Watch GPS: Krugman calls for space aliens to fix U.S. economy?
On GPS this week, we explore the most important topic (the economy) with the most important economic voices. Fareed Zakaria talks to Nobel Prize winner Paul Krugman and Former IMF Chief Economist Ken Rogoff.
The show also turns a myth on its head. China’s not doing the U.S. a favor by buying its Treasury Bonds - the pleasure is very much China’s. We’ll explain.
All that, plus a fascinating look at America’s fractured relationship with Pakistan with the journalist Ahmed Rashid, and a smart, macro look at the London riotswith two top British thinkers.
But first, why does Paul Krugman say space aliens could fix the U.S. economy? Here's an edited excerpt of what he and Ken Rogoff had to say:
Ken Rogoff: Infrastructure spending, if it were well-spent, that's great. I'm all for that. I'd borrow for that, assuming we're not paying Boston Big Dig kind of prices for the infrastructure.
Fareed Zakaria: But even if you were, wouldn't John Maynard Keynes say that if you could employ people to dig a ditch and then fill it up again, that's fine, they're being productively employed, they'll pay taxes, so maybe Boston's Big Dig was just fine after all.
Paul Krugman: Think about World War II, right? That was actually negative social product spending, and yet it brought us out.
I mean, probably because you want to put these things together, if we say, "Look, we could use some inflation." Ken and I are both saying that, which is, of course, anathema to a lot of people in Washington but is, in fact, what basic logic says.
It's very hard to get inflation in a depressed economy.
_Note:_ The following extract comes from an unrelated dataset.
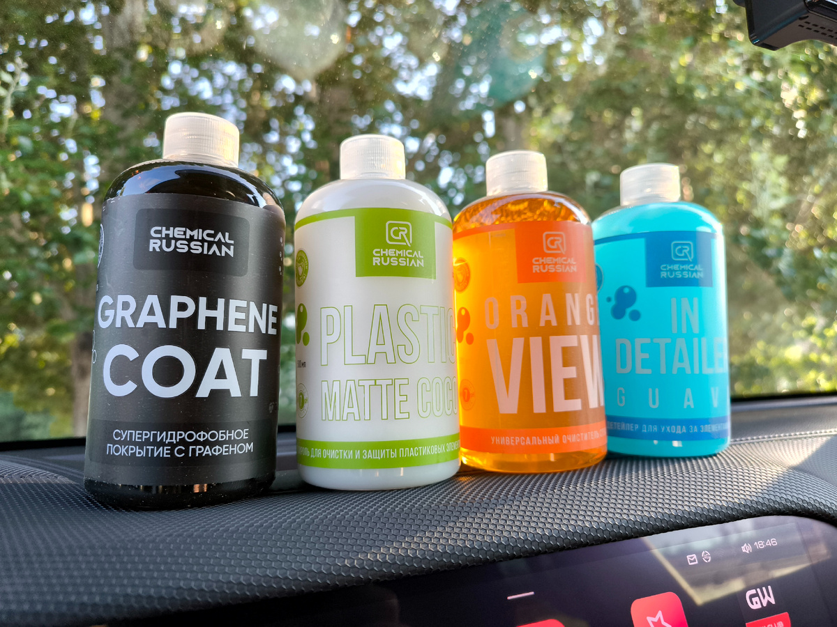 Не реклама!!! Не являюсь профессиональным детейлером, а только учусь поэтому пишите свои замечания в комменты. Всем привет! Вот наконец я дошел до того, что обзавелся автокосметикой для своего железного питомца. Взял небольшой скромный набор от молодого отечественного бренда подающего надежды – Chemical Russian, а именно: очиститель стекол с запахом апельсинки; квик детейлер для очистки различных элементов салона в том числе экранов и сидений с каким то прикольным ароматом, полироль для грубого пластика, которого хватает в Дарго; и решил попробовать новое гидрофобное покрытие на базе графена, ранее использовал кварц. И так по порядку: пришла химия сами емкости, что радует объемом пол литра – хватит на долго, распылители с коробки идут не прикрученными, видимо, чтобы не протекло и свежее были составы. Первым делом испытал что попроще – очиститель стекол, результат меня порадовал пару пшиков один раз протер микрофиброй и стекла стали гораздо чище и прозрачней за этот состав ставлю палец

But if you had a program of government spending plus an expansionary policy by the Fed, you could get that. So, if you think about using all of these things together, you could accomplish a great deal.
If we discovered that space aliens were planning to attack and we needed a massive buildup to counter the space alien threat and really inflation and budget deficits took secondary place to that, this slump would be over in 18 months. And then if we discovered, oops, we made a mistake, there aren't any aliens, we'd be better –
Ken Rogoff: And we need Orson Welles, is what you're saying.
Paul Krugman: No, there was a Twilight Zone episode like this in which scientists fake an alien threat in order to achieve world peace. Well, this time...we need it in order to get some fiscal stimulus.